Nesta quarta-feira (26/11), o Superior Tribunal Militar (STM) recebeu ofícios eletrônicos do Supremo Tribunal Federal (STF) informando sobre a conclusão da Ação Penal 2668, que resultou no trânsito em julgado e afeta diretamente cinco oficiais militares, incluindo o ex-presidente Jair Bolsonaro. A iniciativa foi determinada pelo ministro Alexandre de Moraes.
A condenação do núcleo crucial da trama golpista
Relator da ação penal, Moraes ordenou que tanto a Justiça Militar quanto o Ministério Público Militar (MPM) fossem notificados sobre a execução das condenações impostas ao ex-presidente Jair Bolsonaro e a outros oficiais das Forças Armadas envolvidos na conspiração golpista. Esta colaboração entre as instituições é fundamental para o avanço das penalidades e decisões a serem tomadas em relação aos acusados.
Com a declaração de trânsito em julgado das sentenças, o ex-presidente, que possui a patente de capitão da reserva do Exército, assim como os generais Augusto Heleno, Paulo Sérgio Nogueira, Braga Netto e o almirante Almir Garnier, pode enfrentar uma ação de perda do oficialato, dado que a Constituição estabelece a expulsão das Forças Armadas para oficiais condenados a penas superiores a dois anos de prisão.
O papel do Ministério Público Militar
Apesar das condenações, o STM enfatizou em nota que qualquer representação por indignidade ou incompatibilidade para o oficialato deve partir exclusivamente do MPM. “A partir desta eventual provocação, o STM se pronunciará”, informou o tribunal. Até o momento, não há um prazo definido para que o MPM faça essa solicitação.
Dentre os condenados no núcleo 1 da trama, os cinco oficiais militares apresentam as seguintes penas:
- Jair Bolsonaro: 27 anos e três meses;
- Walter Braga Netto: 26 anos;
- Almir Garnier: 24 anos;
- Augusto Heleno: 21 anos;
- Paulo Sérgio Nogueira: 19 anos.
O STM também ressaltou que as representações podem ser apresentadas contra oficiais que tenham sido condenados em sentença transitada em julgado à pena privativa de liberdade superior a dois anos, seja por crime militar ou comum. No entanto, cabe ao tribunal apenas decidir sobre a idoneidade e dignidade do oficial, sem reavaliar o mérito da condenação já decidida.
Segundo a ministra-presidente do STM, Maria Elizabeth Rocha, a atuação do tribunal depende da provocação do MPM, inviabilizando qualquer ação ex-officio. Quando o STM receber eventuais representações relacionadas à Ação Penal 2.668, a presidência do tribunal providenciará o sorteio do relator (ou relatores) do caso, que apresentará seu voto em plenário para a consideração dos 14 ministros.

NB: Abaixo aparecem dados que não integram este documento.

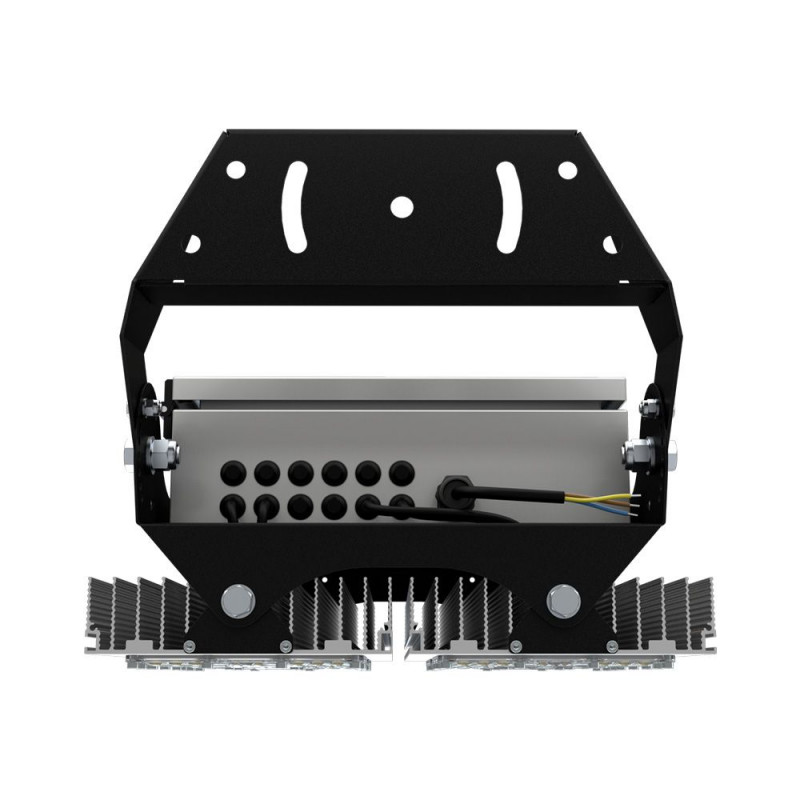 В комплекте идёт кронштейн, который позволяет регулировать угол наклона светильников. Специальные зубцы на кронштейнах дополнительно облегчают регулировку положения прожектора.
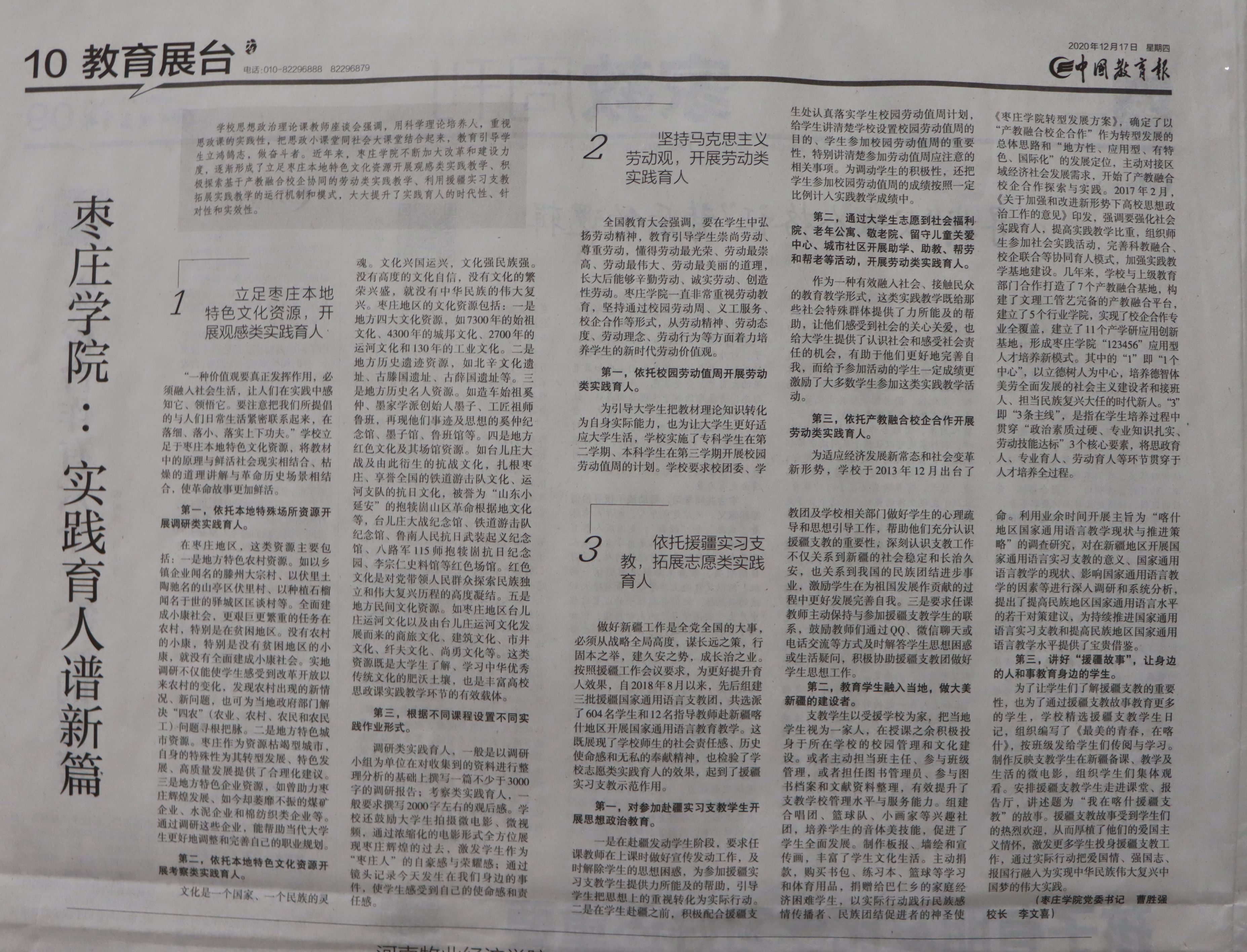 近日,《中国教育报》第10版刊发我校党委书记曹胜强、校长李文喜署名文章《304am永利集团官网:实践育人谱新篇》,从“立足枣庄本地特色文化资源,开展观感类实践育人”“坚持马克思主义劳动观,开展劳动类实践育人”“依托援疆实习支教,拓展志愿类实践育人”三个方面,全面介绍了我校实践育人开展情况及相关经验做法。

Próximos passos e possíveis desfechos
Durante o julgamento, a ministra-presidente do tribunal votará somente em caso de empate, sendo seu voto favorável ao réu, conforme o Regimento Interno do STM. Com o recesso do Judiciário programado para iniciar em 19 de dezembro, é improvável que o julgamento aconteça ainda este ano, sendo esperado para o próximo ano, quando as deliberações sobre os destinos dos condenados poderão finalmente ser acertadas.
As repercussões deste caso não se limitam apenas à carreira militar dos oficiais envolvidos, mas também abrem discussões sobre a Justiça no país e os limites da atuação das Forças Armadas em assuntos políticos. O desfecho da Ação Penal 2668 é aguardado com grande expectativa, tanto pela sociedade civil quanto pelas instituições envolvidas.